THE TASK =
A faithful transcription of all the data, images excluded, is the required answer.

MATERIALS PROVIDED =
# # # #
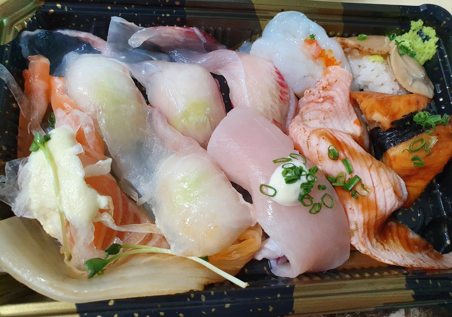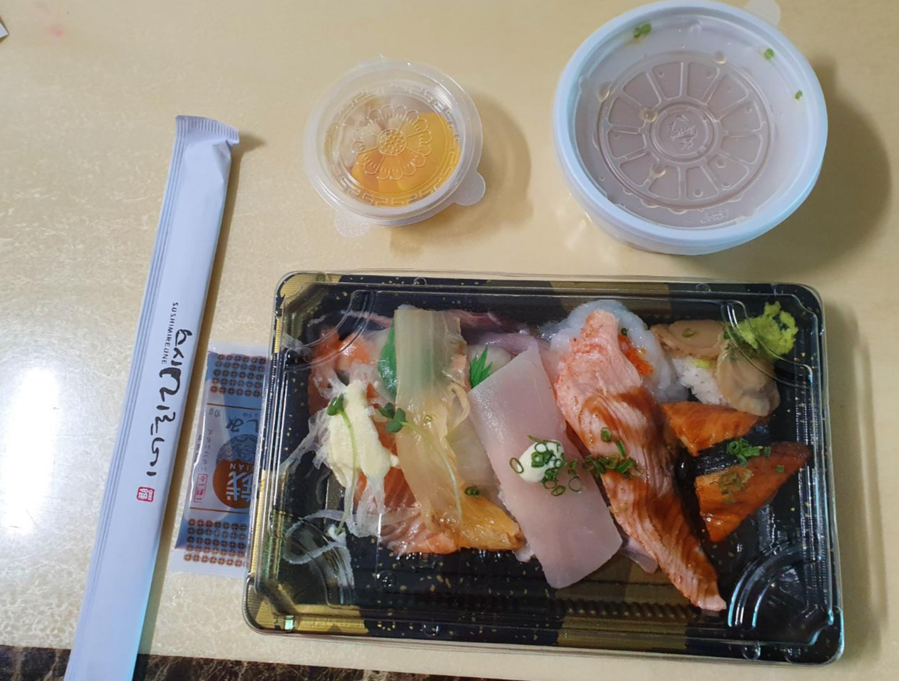 포장해온 초밥을 열었더니 초밥위에 올려진 회들이 정말 큼지막 하다는 생각이 듭니다.
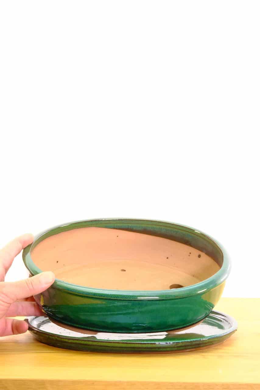 20cm Oval Glazed Forest Green Bonsai Pot with Matching Humidity Tray
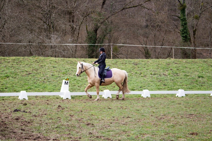 On a bossé sur quelques éléments de la reprise poney 1 - Poney élite. Tentative de diagonale au trot moyen, demi volte au galop avec demi cercle de 12m... Vraiment pas si mal
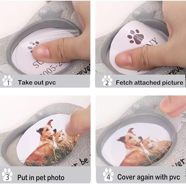 Pet Memorial Stones:Pet memorial plaques is specially customized to commemorate your beloved pet.Made of resin material and has a sturdy and durable texture.Photos of pets that can be placed anywhere in the home can become permanent mementos at home or in the office
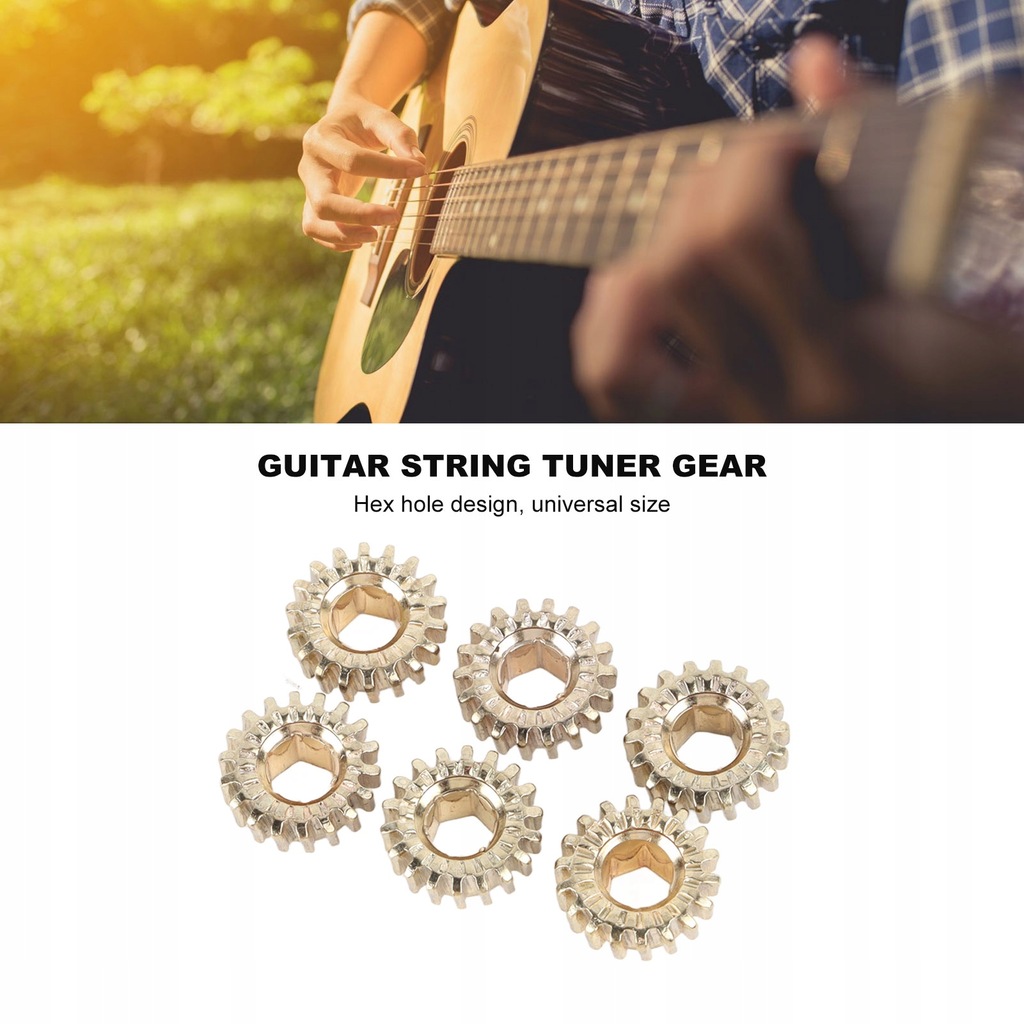 5. ODPOWIEDNI ZAKRES: Zawiera 6 szt. przekładni gitarowych z sześciokątnymi otworami, o uniwersalnym rozmiarze, pasujących do większości modeli gitar akustycznych, gitar klasycznych i gitar elektrycznych.
# # # #
SOLUTION BELOW =
 포장해온 초밥을 열었더니 초밥위에 올려진 회들이 정말 큼지막 하다는 생각이 듭니다.
 20cm Oval Glazed Forest Green Bonsai Pot with Matching Humidity Tray
 On a bossé sur quelques éléments de la reprise poney 1 - Poney élite. Tentative de diagonale au trot moyen, demi volte au galop avec demi cercle de 12m... Vraiment pas si mal
 Pet Memorial Stones:Pet memorial plaques is specially customized to commemorate your beloved pet.Made of resin material and has a sturdy and durable texture.Photos of pets that can be placed anywhere in the home can become permanent mementos at home or in the office
 5. ODPOWIEDNI ZAKRES: Zawiera 6 szt. przekładni gitarowych z sześciokątnymi otworami, o uniwersalnym rozmiarze, pasujących do większości modeli gitar akustycznych, gitar klasycznych i gitar elektrycznych.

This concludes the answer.